# 350D/Rebel XT Upgrade Thoughts



## Alexandros (Apr 11, 2012)

Hello there!

I am a very happy owner of a 350d/RebelXT since 2005 and I think the time has come for me to upgrade. The Rebel was a wonderful companion to my photographic journeys all these years but I think it has nothing more to offer. It is about to physically tear apart anyway so...

I would like to share my thoughts with you, as I am troubling my mind sometime now without any decision and of course ask for your opinion, thoughts and why not some guidance from any experienced users out there.

To start I will present you all (?) the alternatives I have as of now:
a)Buy the 7D now
b)Buy the 5D II now
c)Buy the 5D3 now
d)Wait for a 7D II (70D or 7D replacement anyway)
e)Sell all my glass and jump over the D800 train to start over (ouch!)
f)Wait for ... whatever

Before start talking about each one of my alternatives a couple of words regarding my equipment and my shooting preferences:

I own the EF 24-105 F4/L IS USM, EF 50mm F/1.4 USM, EF 70-200 F/4 L USM, EF 100mm F/2.8 L IS USM Macro and the crappy kit lens EF-S 18-55 F/3.5-5.6 USM II.

What I mostly shoot? Landscapes, Macro and closeups, Portraits and head-shots,
still life and I really love indoors and shooting in available light.

Some random thoughts now...
As I am about to step up I ve better go full frame 'cause I love having top IQ, right?
but...
That means that I am willing to pay 2k in the mid 2012 for an outdated product with crappy AF (5DII) or pay 3,5k for a negligible product with top notch AF but not much IQ improvement over 5DII (5DIII) or sell everything and change brand (D800)...

So for each of the alternatives my thoughts.

a)Very good camera with tempting price and relatively good IQ.
My concerns: not a full frame camera so not a true step up and the fact that it approaches the end of it's life cycle sometime soon. I don't like buying a product only to be replaced in a couple of months.

b)Superb IQ and FF. Otherwise outdated and poor poor AF. Could easily have been discontinued but Canon thought it would be a good idea to keep it in the lineup.

c)Superb IQ, top AF but really no other improvements over the 5DII. Even in the high ISOs it's power is in the Noise Reduction and not in really good sensor performance. So why bother over the Mark II? Other than that it is rather pricy but let's pretend this is not an issue.

d)That would be interesting if only I was certain that a new one was coming sometime in Summer. My only concern that I wouldn't go Full Frame.

e)I cannot tell they I am not tempted! If I could find a way to use my lenses in the D800 that would be a no-brainer for me! But I can't. So selling everything and starting over costs a lot. But that is the 5d markIII that I've been waiting for...

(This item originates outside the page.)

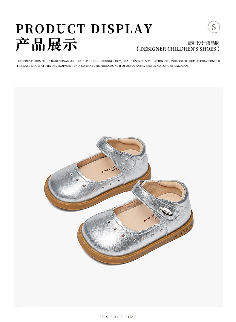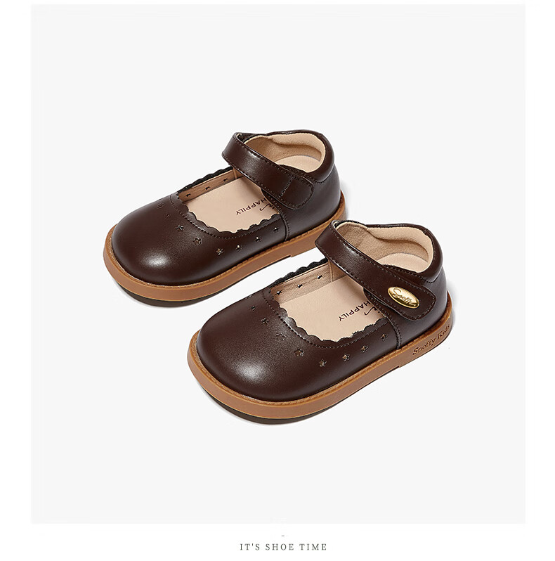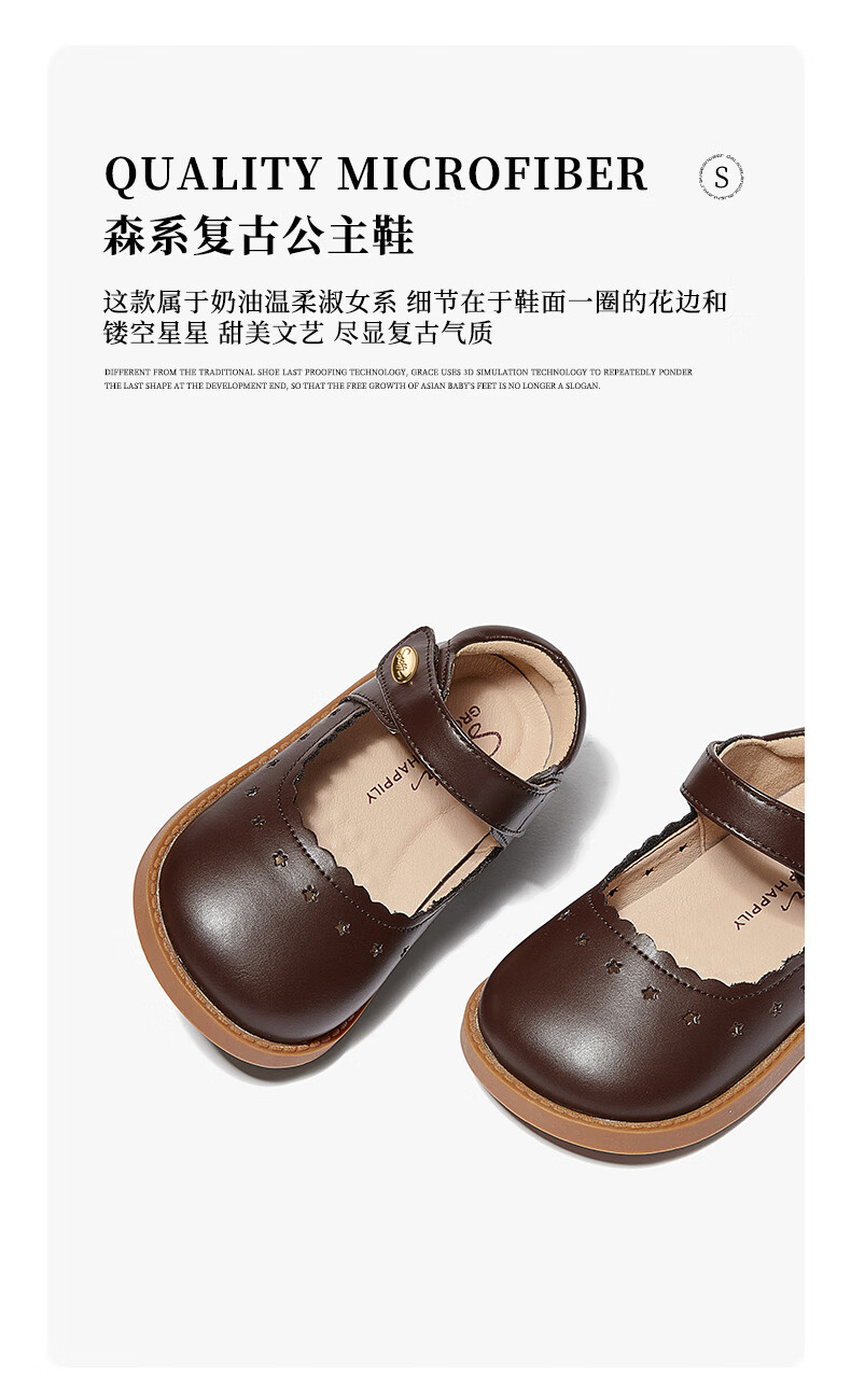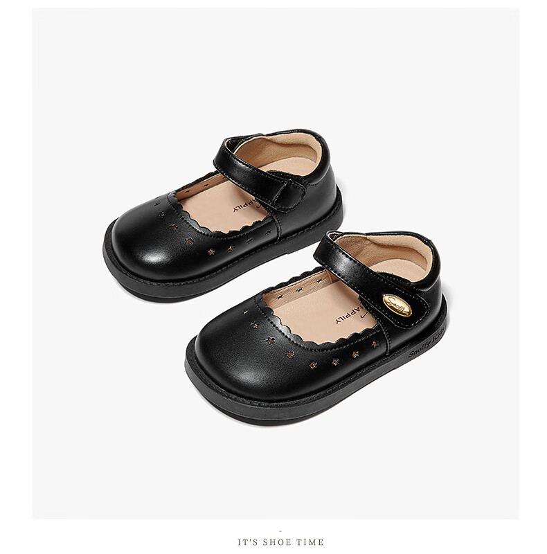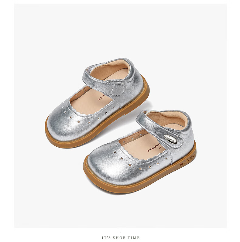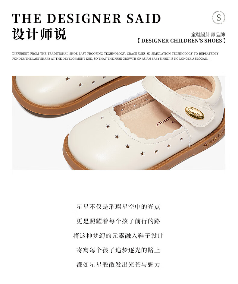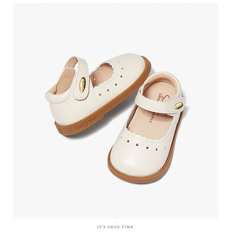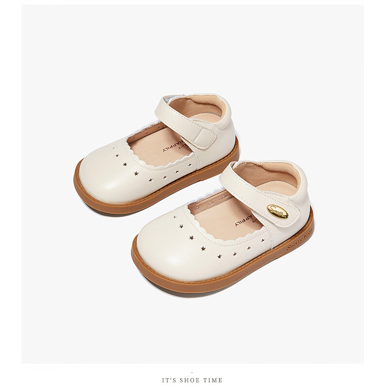 Snuffy children's shoes spring and autumn children's leather shoes girls hollow princess shoes baby simple and comfortable soft-soled shoes cream white 25

f) Well ... I don't know !

That was it ! waiting your thoughts !!!!
Thanks a lot guys !


----------



## JerryKnight (Apr 12, 2012)

Wow, that's quite a lot to get through. 

I applaud you for investing in your glass first, but it's definitely time to give the body some attention. I don't mean to bad-mouth the Rebel series. My original Rebel 300D was downright respectable for a long time. But of the various components to photography, you will benefit most from a new body.

Given your shooting interests, I think a full frame will suit you best. Wide angle, available light.. these scream FF, but the downside, if you can call it that, is that it will open up new lens "needs".  24mm/1.4L, 35mm/1.4L, 24-70mm/2.8L II, the list of lenses that would help you goes on...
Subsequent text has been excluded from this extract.